Goal of the exercise:
Exact copies of all the entries are required, and no pictures should appear in them.

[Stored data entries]
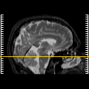Click on sagittal image to select slice. Click on thin tickmark to change timepoint, or thick tickmark for overlay.
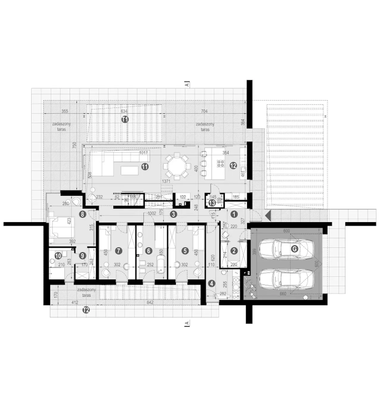 Wypełnij formularz i otrzymaj rysunki w pdf z dokładnymi wymiarami budynku i pomieszczeń (długość, szerokość, wysokość) dla projektu HomeKoncept 112 G2 wariant 02
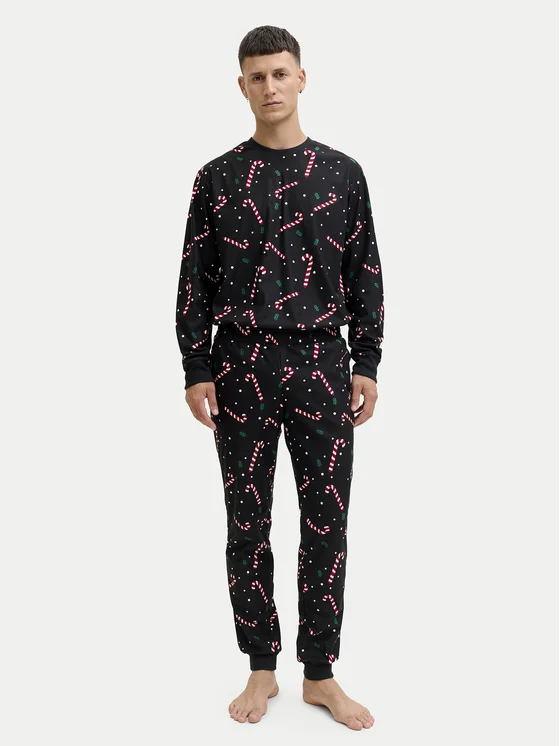 Jack & Jones Pidžama Tristan 12285375 Crna Loose Fit
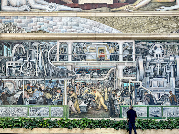 With 100 galleries it’s an astonishing collection. We are here to see the huge Diego Rivera Detroit Industry mural (1932-33); a series of frescoes consisting of 27 panels depicting the Ford Motor Company painted in one central ground floor room. Rivera thought these to be his most successful work.
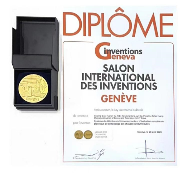 2023年4月26日—30日,第48届日内瓦国际发明展(International Exhibition of Inventions of Geneva)在瑞士日内瓦举行。由伟德官网与三一重工股份有限公司联合攻关、钱国平教授、于华南教授、李希副教授等共同完成的专利技术“沥青铺面压实状态多维评价系统”斩获展会金奖,成果受到中国驻瑞士大使王世廷、日内瓦州经济部长法比安娜·费舍尔等海内外人士高度评价。
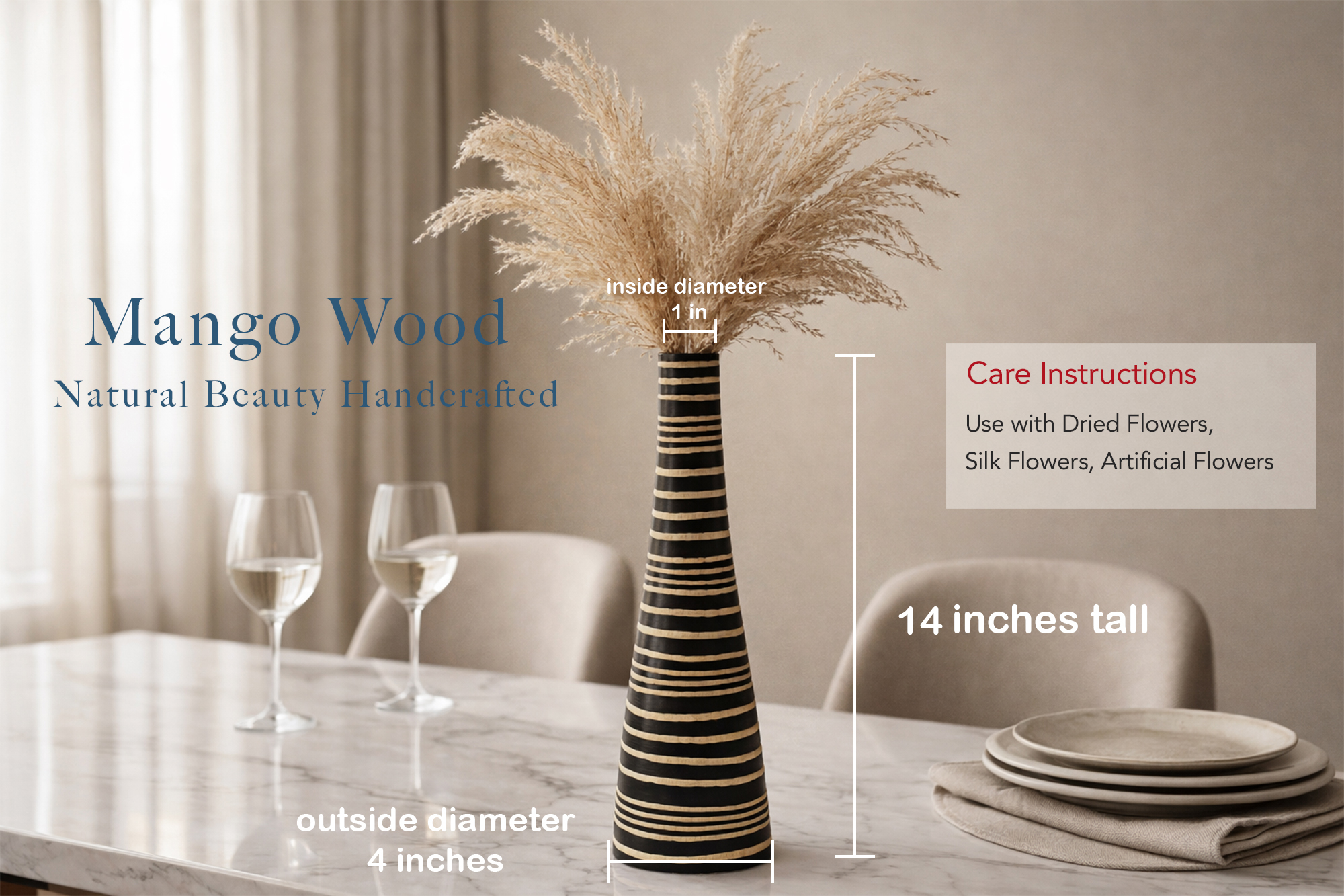 | Care instructions: | Use with dried flowers, silk flowers, artificial flowers |
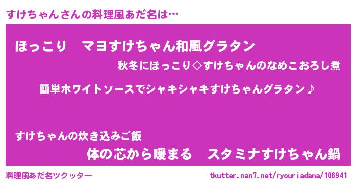 | 男性向けラノベタイトル風あだ名 | 『すけちゃんの嫁は女の子じゃないと思った?』 |

Reply to the exercise:
Click on sagittal image to select slice. Click on thin tickmark to change timepoint, or thick tickmark for overlay.
 Wypełnij formularz i otrzymaj rysunki w pdf z dokładnymi wymiarami budynku i pomieszczeń (długość, szerokość, wysokość) dla projektu HomeKoncept 112 G2 wariant 02
 Jack & Jones Pidžama Tristan 12285375 Crna Loose Fit
 With 100 galleries it’s an astonishing collection. We are here to see the huge Diego Rivera Detroit Industry mural (1932-33); a series of frescoes consisting of 27 panels depicting the Ford Motor Company painted in one central ground floor room. Rivera thought these to be his most successful work.
 2023年4月26日—30日,第48届日内瓦国际发明展(International Exhibition of Inventions of Geneva)在瑞士日内瓦举行。由伟德官网与三一重工股份有限公司联合攻关、钱国平教授、于华南教授、李希副教授等共同完成的专利技术“沥青铺面压实状态多维评价系统”斩获展会金奖,成果受到中国驻瑞士大使王世廷、日内瓦州经济部长法比安娜·费舍尔等海内外人士高度评价。
 | Care instructions: | Use with dried flowers, silk flowers, artificial flowers |
 | 男性向けラノベタイトル風あだ名 | 『すけちゃんの嫁は女の子じゃないと思った?』 |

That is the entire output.